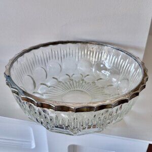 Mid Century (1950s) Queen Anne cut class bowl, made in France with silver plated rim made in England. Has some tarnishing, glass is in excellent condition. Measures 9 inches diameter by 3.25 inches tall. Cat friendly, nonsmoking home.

======

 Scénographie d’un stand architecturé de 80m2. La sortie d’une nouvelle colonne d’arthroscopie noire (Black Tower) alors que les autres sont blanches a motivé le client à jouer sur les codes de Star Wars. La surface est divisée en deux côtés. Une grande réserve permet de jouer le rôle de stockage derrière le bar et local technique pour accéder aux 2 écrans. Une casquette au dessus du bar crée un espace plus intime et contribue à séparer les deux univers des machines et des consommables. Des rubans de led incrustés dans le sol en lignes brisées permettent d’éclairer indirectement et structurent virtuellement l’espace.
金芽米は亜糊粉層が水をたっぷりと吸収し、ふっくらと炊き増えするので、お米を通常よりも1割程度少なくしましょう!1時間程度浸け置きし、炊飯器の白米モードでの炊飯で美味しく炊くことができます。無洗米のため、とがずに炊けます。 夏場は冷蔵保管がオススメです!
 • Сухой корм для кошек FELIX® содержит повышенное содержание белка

======

(Instructions for the task): Copy the records above exactly, beginning at the line that contains "Scénographie d’un stand" and stopping after the line that contains "повышенное содержание белка".

(Written response):
 Scénographie d’un stand architecturé de 80m2. La sortie d’une nouvelle colonne d’arthroscopie noire (Black Tower) alors que les autres sont blanches a motivé le client à jouer sur les codes de Star Wars. La surface est divisée en deux côtés. Une grande réserve permet de jouer le rôle de stockage derrière le bar et local technique pour accéder aux 2 écrans. Une casquette au dessus du bar crée un espace plus intime et contribue à séparer les deux univers des machines et des consommables. Des rubans de led incrustés dans le sol en lignes brisées permettent d’éclairer indirectement et structurent virtuellement l’espace.
金芽米は亜糊粉層が水をたっぷりと吸収し、ふっくらと炊き増えするので、お米を通常よりも1割程度少なくしましょう!1時間程度浸け置きし、炊飯器の白米モードでの炊飯で美味しく炊くことができます。無洗米のため、とがずに炊けます。 夏場は冷蔵保管がオススメです!
 • Сухой корм для кошек FELIX® содержит повышенное содержание белка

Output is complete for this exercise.